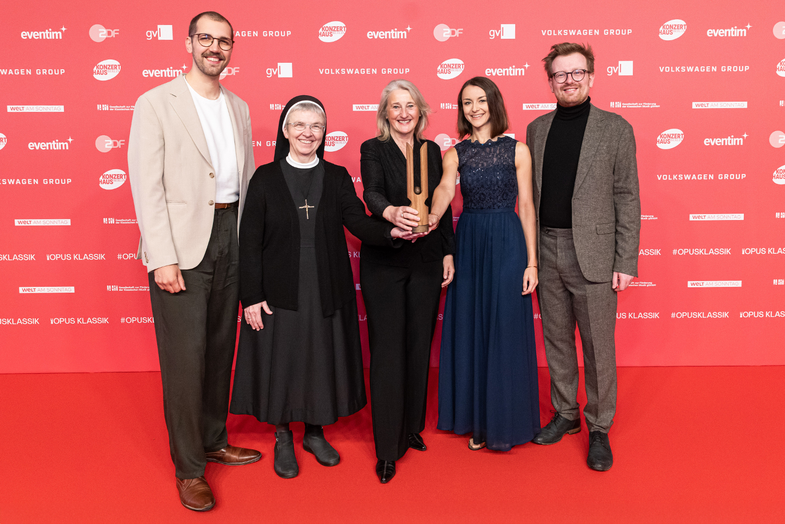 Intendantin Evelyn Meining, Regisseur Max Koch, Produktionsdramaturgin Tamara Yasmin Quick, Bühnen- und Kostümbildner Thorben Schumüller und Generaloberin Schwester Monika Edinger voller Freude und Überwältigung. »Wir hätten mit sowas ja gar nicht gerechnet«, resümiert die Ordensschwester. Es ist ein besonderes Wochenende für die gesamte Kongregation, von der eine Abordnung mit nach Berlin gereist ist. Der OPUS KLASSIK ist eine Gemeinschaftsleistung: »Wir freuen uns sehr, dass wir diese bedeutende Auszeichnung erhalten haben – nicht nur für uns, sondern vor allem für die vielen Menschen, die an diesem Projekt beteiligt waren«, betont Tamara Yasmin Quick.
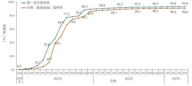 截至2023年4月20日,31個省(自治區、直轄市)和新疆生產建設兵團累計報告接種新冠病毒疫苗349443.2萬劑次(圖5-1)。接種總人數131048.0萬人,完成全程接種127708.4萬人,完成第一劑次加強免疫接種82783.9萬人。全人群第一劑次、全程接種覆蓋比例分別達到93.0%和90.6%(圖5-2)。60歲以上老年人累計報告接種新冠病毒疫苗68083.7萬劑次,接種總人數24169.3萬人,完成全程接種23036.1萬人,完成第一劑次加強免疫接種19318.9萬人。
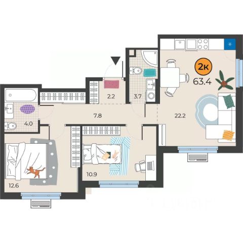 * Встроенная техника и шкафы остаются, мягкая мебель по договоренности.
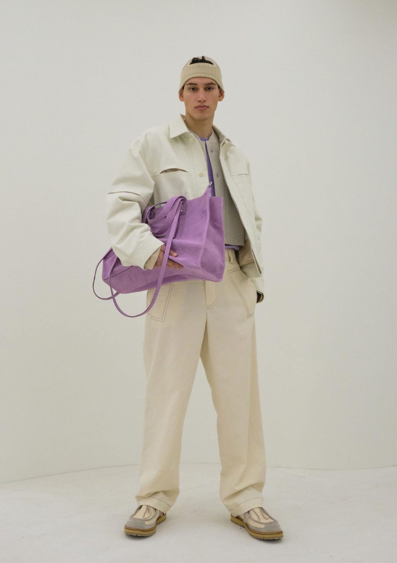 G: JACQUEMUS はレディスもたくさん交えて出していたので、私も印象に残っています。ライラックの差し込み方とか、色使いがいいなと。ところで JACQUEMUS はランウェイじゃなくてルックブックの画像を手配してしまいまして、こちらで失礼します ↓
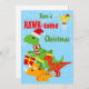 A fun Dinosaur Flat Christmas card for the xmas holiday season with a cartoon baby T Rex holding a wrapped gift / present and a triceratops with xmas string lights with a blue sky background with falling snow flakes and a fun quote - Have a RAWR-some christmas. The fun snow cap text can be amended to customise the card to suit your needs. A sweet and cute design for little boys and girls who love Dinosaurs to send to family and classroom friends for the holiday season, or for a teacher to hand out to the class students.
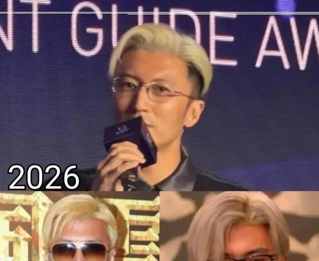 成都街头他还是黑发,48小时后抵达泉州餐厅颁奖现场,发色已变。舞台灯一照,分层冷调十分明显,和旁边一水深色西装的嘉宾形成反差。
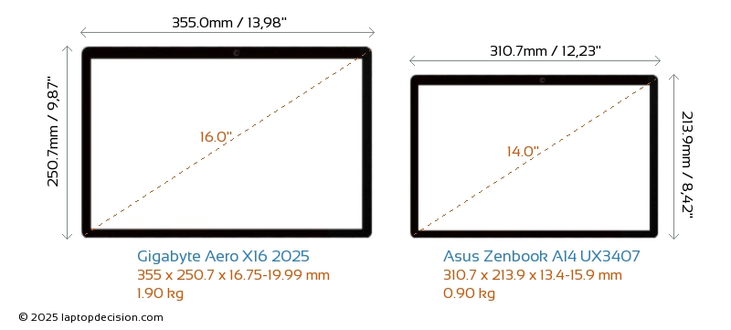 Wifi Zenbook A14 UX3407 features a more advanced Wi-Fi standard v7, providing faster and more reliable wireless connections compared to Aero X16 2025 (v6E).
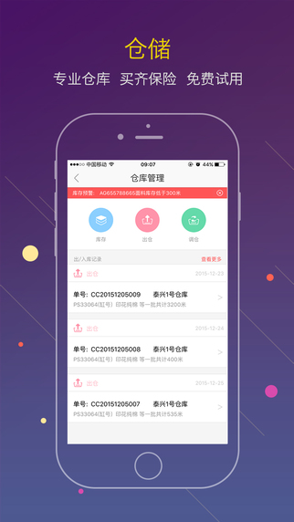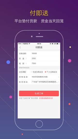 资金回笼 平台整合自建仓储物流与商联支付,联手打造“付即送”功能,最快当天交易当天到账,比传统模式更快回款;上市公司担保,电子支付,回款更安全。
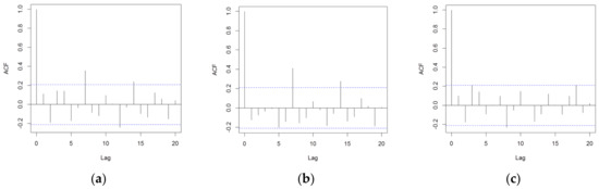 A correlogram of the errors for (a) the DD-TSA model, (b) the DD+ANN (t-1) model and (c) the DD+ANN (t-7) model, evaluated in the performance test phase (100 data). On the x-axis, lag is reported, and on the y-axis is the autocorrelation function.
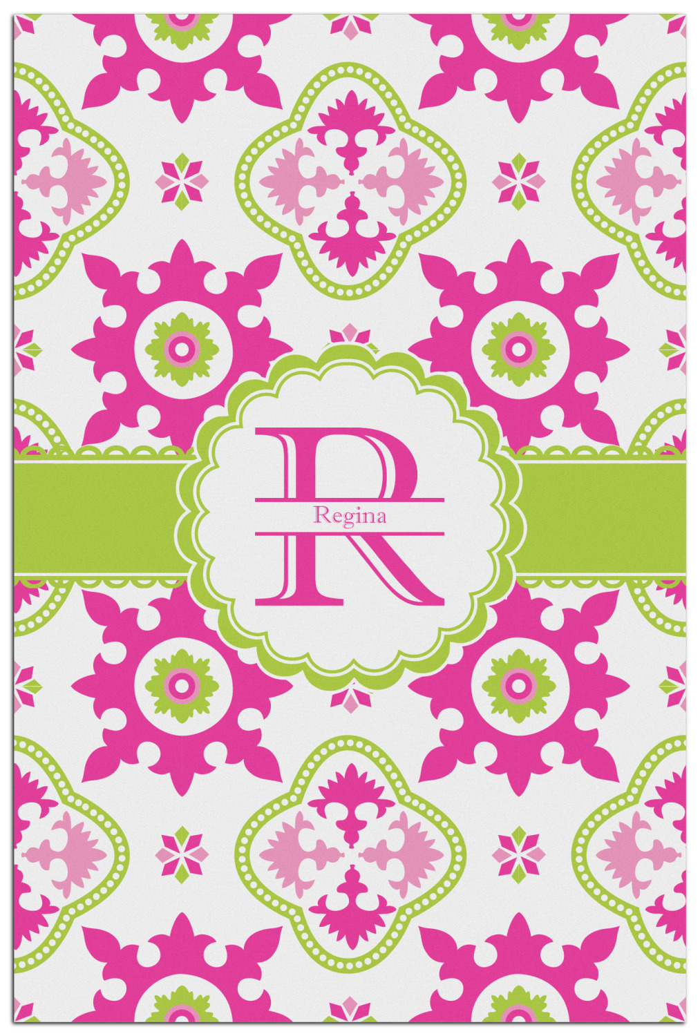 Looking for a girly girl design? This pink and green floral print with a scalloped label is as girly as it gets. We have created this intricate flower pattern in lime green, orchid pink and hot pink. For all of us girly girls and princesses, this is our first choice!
============================================================
▶ _AIM OF THE TASK_
Only the lines above starting with the line with "成都街头他还是黑发,48小时" and going on through the line with "资金回笼 平台整合自建仓储物" belong in the answer; repeat them exactly, minus any picture.

▶ _RESULT OF THE TASK_
 成都街头他还是黑发,48小时后抵达泉州餐厅颁奖现场,发色已变。舞台灯一照,分层冷调十分明显,和旁边一水深色西装的嘉宾形成反差。
 Wifi Zenbook A14 UX3407 features a more advanced Wi-Fi standard v7, providing faster and more reliable wireless connections compared to Aero X16 2025 (v6E).
 资金回笼 平台整合自建仓储物流与商联支付,联手打造“付即送”功能,最快当天交易当天到账,比传统模式更快回款;上市公司担保,电子支付,回款更安全。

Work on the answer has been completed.